→ **YOUR TASK**
Reproduce the listing in full, exactly as written, but without images.

→ **EXTRACTED MATERIAL**
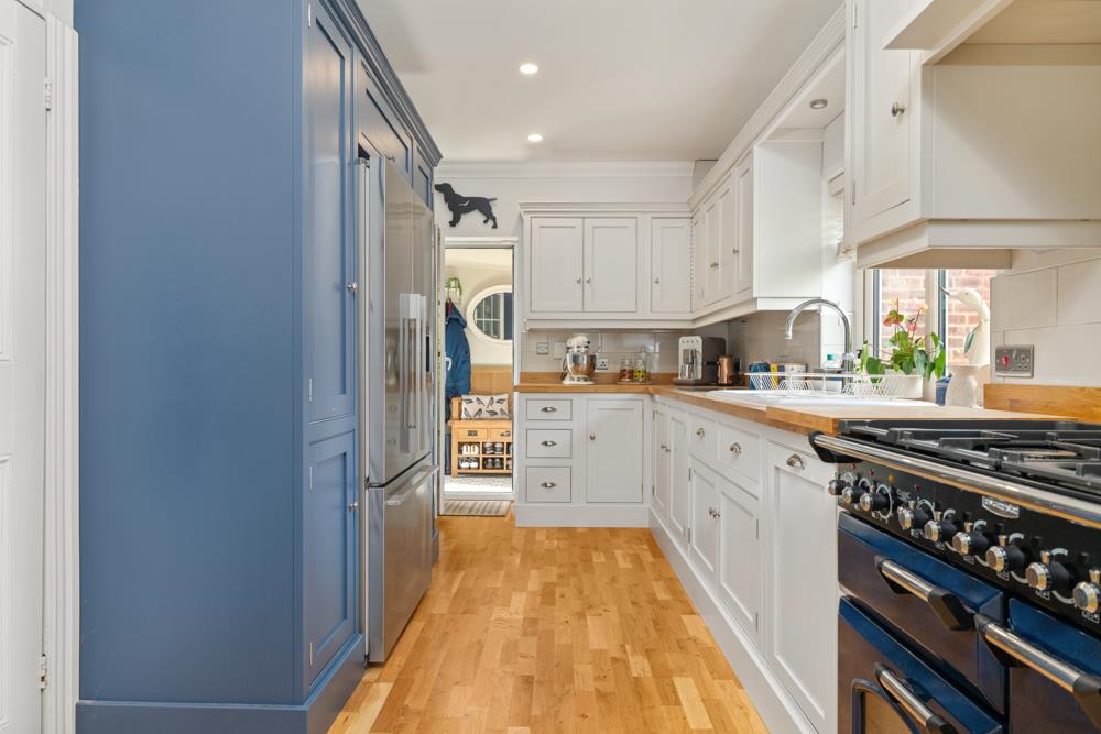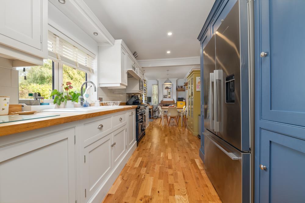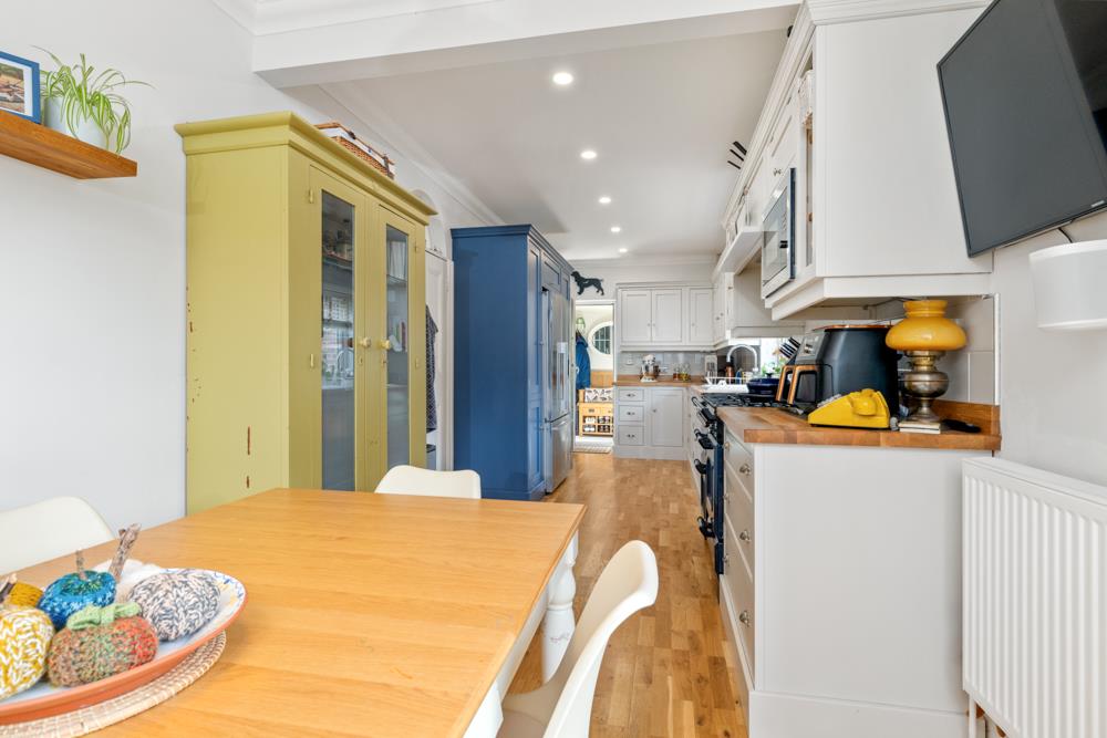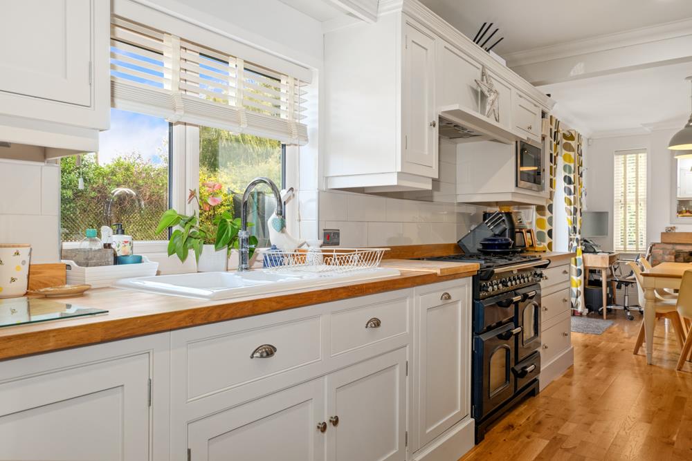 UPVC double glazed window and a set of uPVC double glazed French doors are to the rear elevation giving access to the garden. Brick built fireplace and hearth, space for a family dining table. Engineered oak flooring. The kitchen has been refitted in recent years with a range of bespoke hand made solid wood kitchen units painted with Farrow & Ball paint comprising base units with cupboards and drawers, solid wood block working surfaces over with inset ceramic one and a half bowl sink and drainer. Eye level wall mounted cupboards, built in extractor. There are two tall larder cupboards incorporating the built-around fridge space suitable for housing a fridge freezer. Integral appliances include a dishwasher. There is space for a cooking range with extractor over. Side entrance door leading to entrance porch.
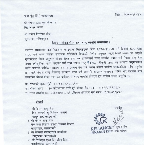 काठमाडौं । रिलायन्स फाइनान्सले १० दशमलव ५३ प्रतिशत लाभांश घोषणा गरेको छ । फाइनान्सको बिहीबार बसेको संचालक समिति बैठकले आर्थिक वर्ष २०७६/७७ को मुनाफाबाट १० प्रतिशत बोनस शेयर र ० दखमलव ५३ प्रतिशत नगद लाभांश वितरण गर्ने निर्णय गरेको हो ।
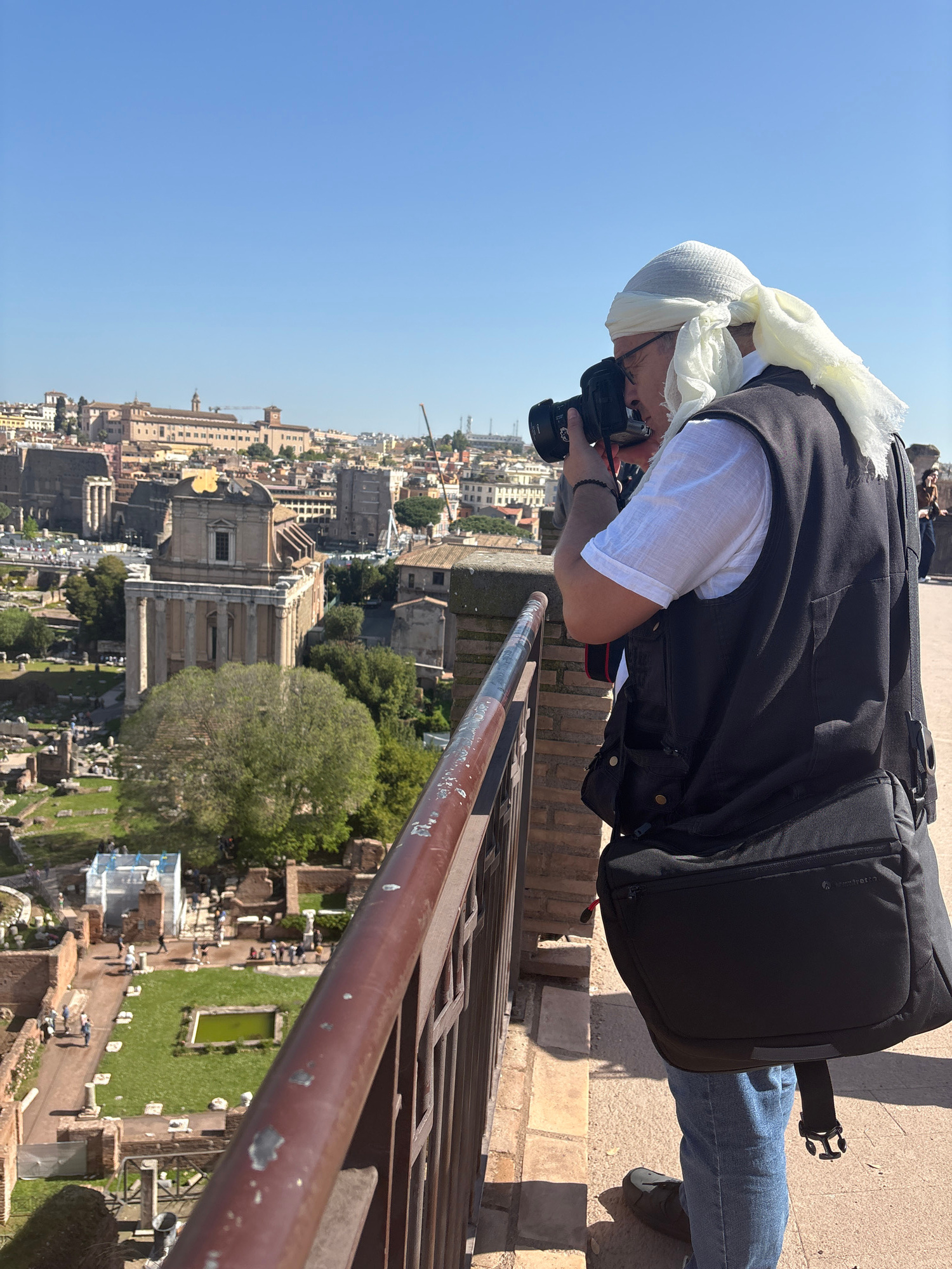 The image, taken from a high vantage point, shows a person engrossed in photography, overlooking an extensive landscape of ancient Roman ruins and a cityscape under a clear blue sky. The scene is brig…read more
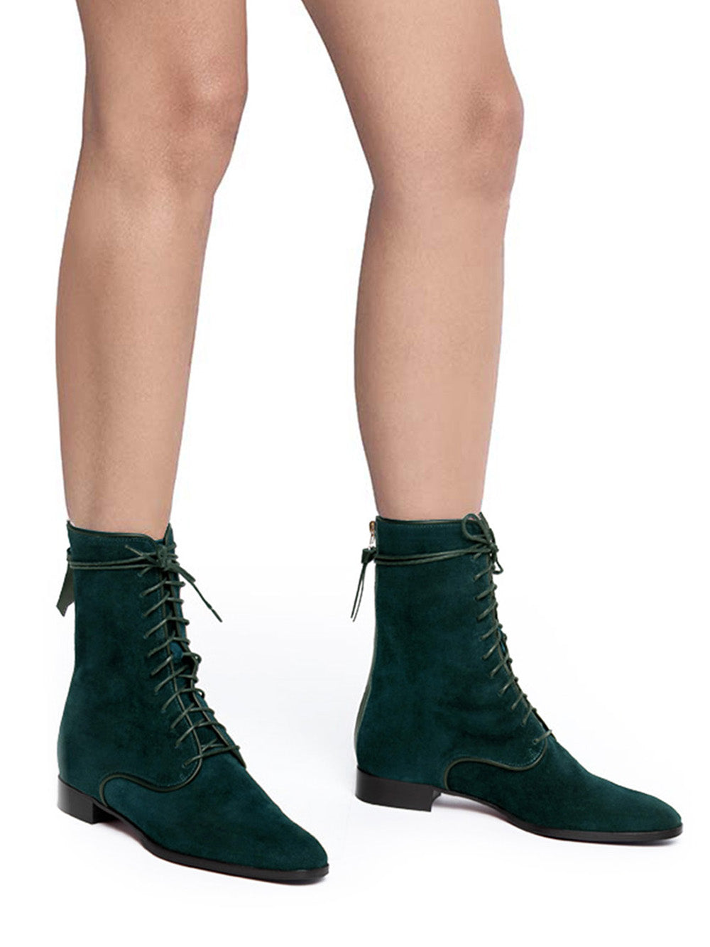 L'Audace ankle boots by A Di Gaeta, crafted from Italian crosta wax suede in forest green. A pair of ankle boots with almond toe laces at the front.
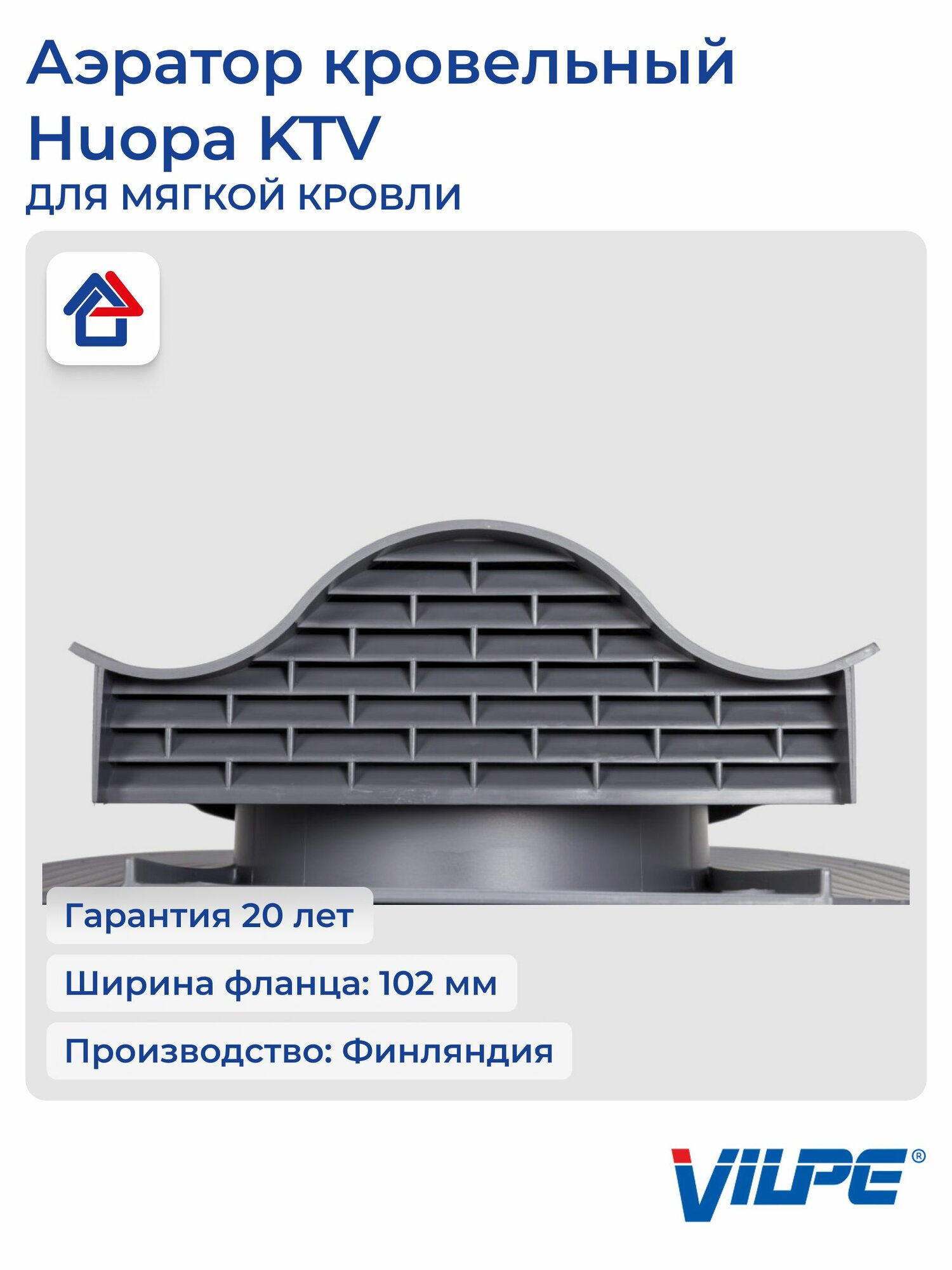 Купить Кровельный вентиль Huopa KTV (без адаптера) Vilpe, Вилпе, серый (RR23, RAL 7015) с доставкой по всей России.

→ **COMPLETED EXERCISE**
 UPVC double glazed window and a set of uPVC double glazed French doors are to the rear elevation giving access to the garden. Brick built fireplace and hearth, space for a family dining table. Engineered oak flooring. The kitchen has been refitted in recent years with a range of bespoke hand made solid wood kitchen units painted with Farrow & Ball paint comprising base units with cupboards and drawers, solid wood block working surfaces over with inset ceramic one and a half bowl sink and drainer. Eye level wall mounted cupboards, built in extractor. There are two tall larder cupboards incorporating the built-around fridge space suitable for housing a fridge freezer. Integral appliances include a dishwasher. There is space for a cooking range with extractor over. Side entrance door leading to entrance porch.
 काठमाडौं । रिलायन्स फाइनान्सले १० दशमलव ५३ प्रतिशत लाभांश घोषणा गरेको छ । फाइनान्सको बिहीबार बसेको संचालक समिति बैठकले आर्थिक वर्ष २०७६/७७ को मुनाफाबाट १० प्रतिशत बोनस शेयर र ० दखमलव ५३ प्रतिशत नगद लाभांश वितरण गर्ने निर्णय गरेको हो ।
 The image, taken from a high vantage point, shows a person engrossed in photography, overlooking an extensive landscape of ancient Roman ruins and a cityscape under a clear blue sky. The scene is brig…read more
 L'Audace ankle boots by A Di Gaeta, crafted from Italian crosta wax suede in forest green. A pair of ankle boots with almond toe laces at the front.
 Купить Кровельный вентиль Huopa KTV (без адаптера) Vilpe, Вилпе, серый (RR23, RAL 7015) с доставкой по всей России.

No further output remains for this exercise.